Reproduce only this range: the line holding "As can be seen" through the last line of the data below, both included, exactly, with no pictures.

━━━ Extracted material ━━━

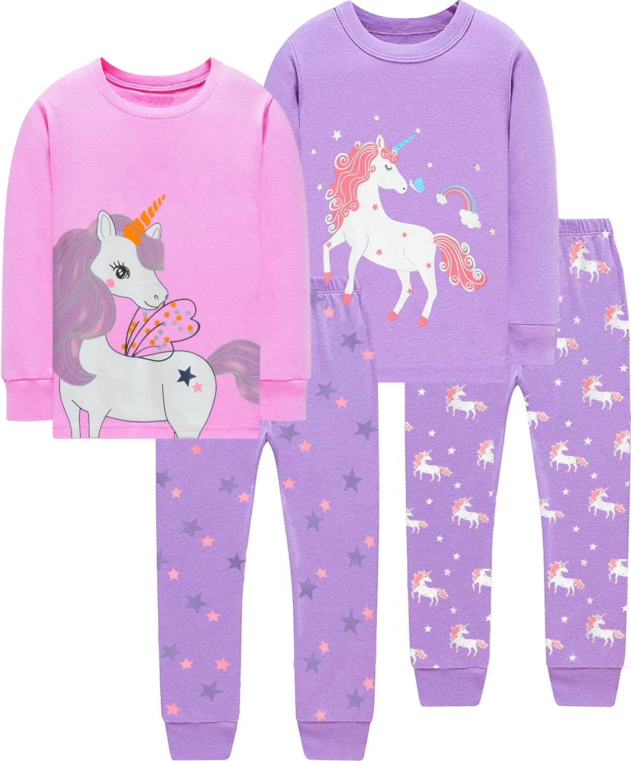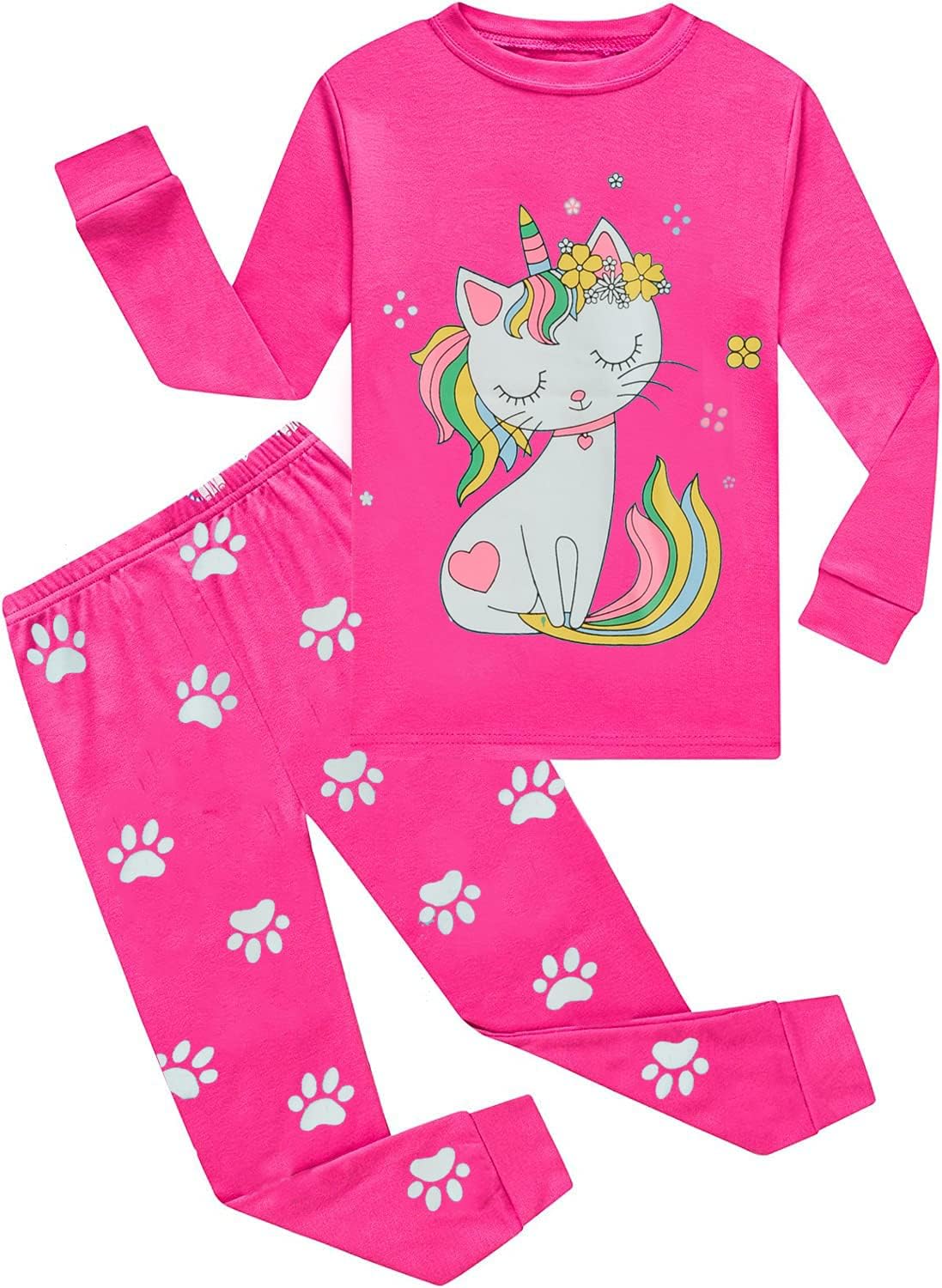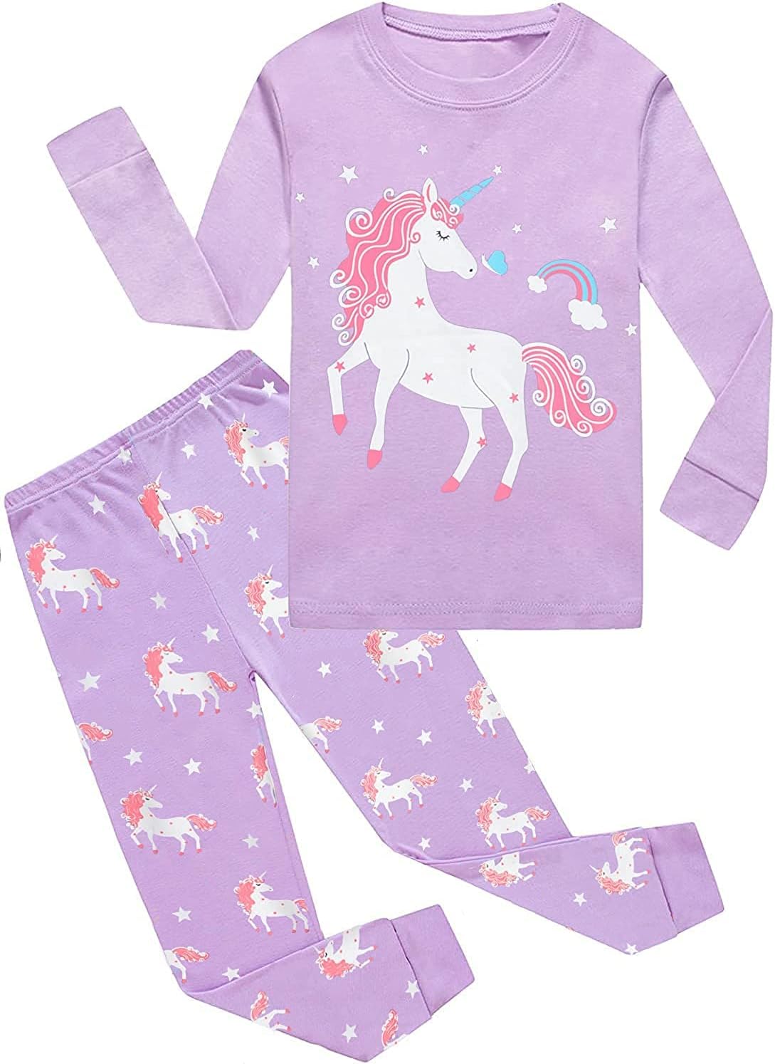 EULLA Kinder Mädchen Schlafanzüge Langarm Baumwolle Winter Pyjama Set Einhorn Prinzessin Dino Hase Eule Zweiteilig Nachtwäsche 1-10 Jahre 92 98 104 110 116 122 128 134 140
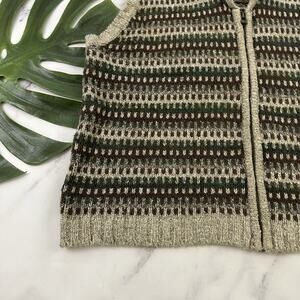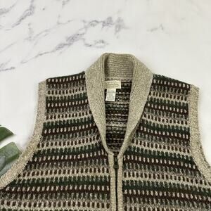 St John's Bay women's gray and green wool blend zip up sweater vest, size XL. It is free from any rips or stains. It measures about 46 inches around the bust and is about 26 inches long.
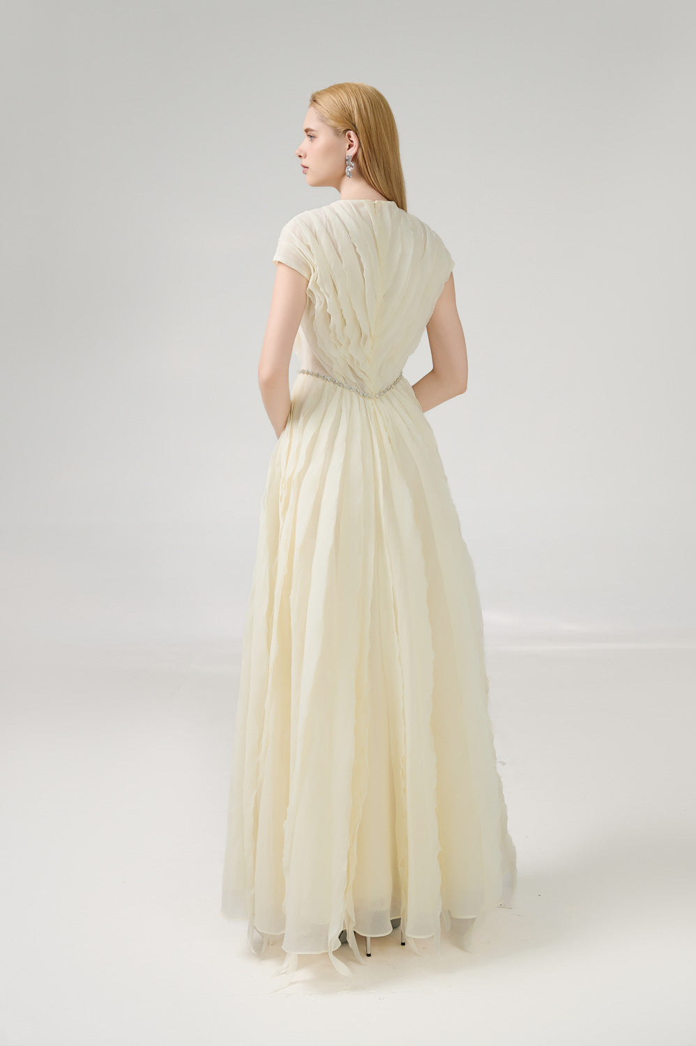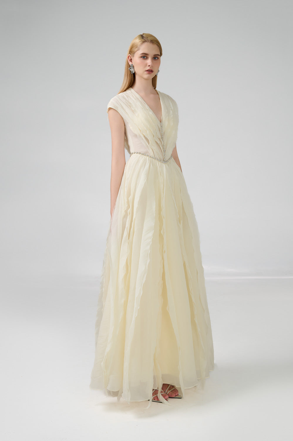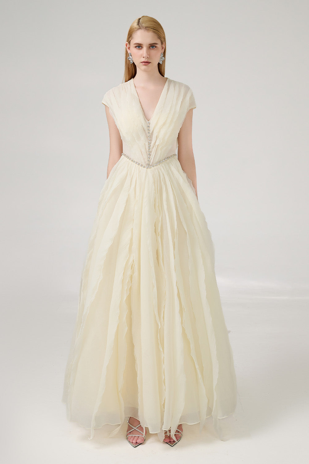 This stunning gown features a timeless v-neck design and is expertly crafted with high-quality organza fabric. The floor-length cut is perfect for any formal occasion and will make you feel like royalty. Upgrade your wardrobe with this luxurious dress.
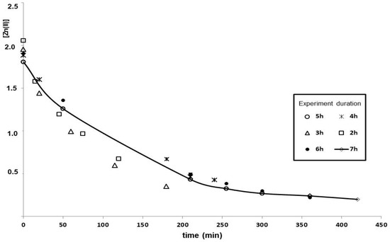 As can be seen in Figure 2, equilibrium was achieved after 7 h under the tested conditions. The main part of the depletion in the Zn(II) concentration took place in the first 4 h (~82%) and ~10% in the final 2 h. Hence, the duration of later experiments was set at 7 h.
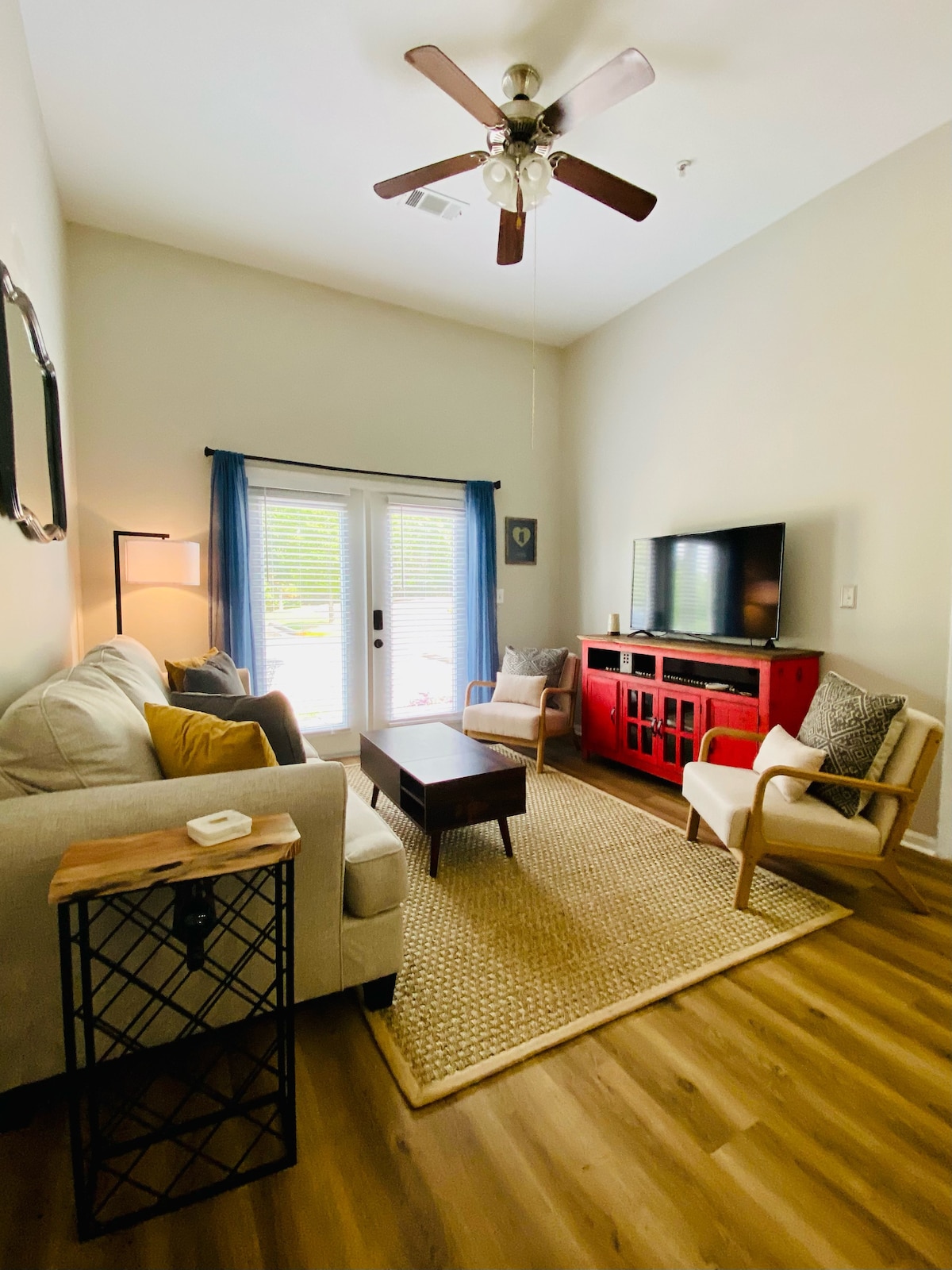 Ընդարձակ ստուդիո բնակարանը ՝ 10 ֆուտ երկարությամբ առաստաղներով և բարձր պատուհաններով, այն դարձնում է լուսավոր և ընդարձակ: Գտնվում է հանգիստ, անտառապատ թաղամասում ՝ ավանից կամ հրապարակից ընդամենը 10 րոպե հեռավորության վրա ։ 150 -179 սմ մահճակալ, երկակի ռեսլեր, գրասեղան, բար, ճաշասեղան, լվացքի մեքենա/չորանոց և խոհանոց ՝ ամբողջական սառնարանով, միկրոալիքային վառարանով և սալօջախով ։ Առանձին բացօթյա պատիո, որը ցանկապատված է ։ Անհատականացված դռան կողպեքի կոդ ՝ հավելյալ անվտանգության համար ։ Roku TV և անվճար WiFi:

━━━

> _Written solution_
 As can be seen in Figure 2, equilibrium was achieved after 7 h under the tested conditions. The main part of the depletion in the Zn(II) concentration took place in the first 4 h (~82%) and ~10% in the final 2 h. Hence, the duration of later experiments was set at 7 h.
 Ընդարձակ ստուդիո բնակարանը ՝ 10 ֆուտ երկարությամբ առաստաղներով և բարձր պատուհաններով, այն դարձնում է լուսավոր և ընդարձակ: Գտնվում է հանգիստ, անտառապատ թաղամասում ՝ ավանից կամ հրապարակից ընդամենը 10 րոպե հեռավորության վրա ։ 150 -179 սմ մահճակալ, երկակի ռեսլեր, գրասեղան, բար, ճաշասեղան, լվացքի մեքենա/չորանոց և խոհանոց ՝ ամբողջական սառնարանով, միկրոալիքային վառարանով և սալօջախով ։ Առանձին բացօթյա պատիո, որը ցանկապատված է ։ Անհատականացված դռան կողպեքի կոդ ՝ հավելյալ անվտանգության համար ։ Roku TV և անվճար WiFi:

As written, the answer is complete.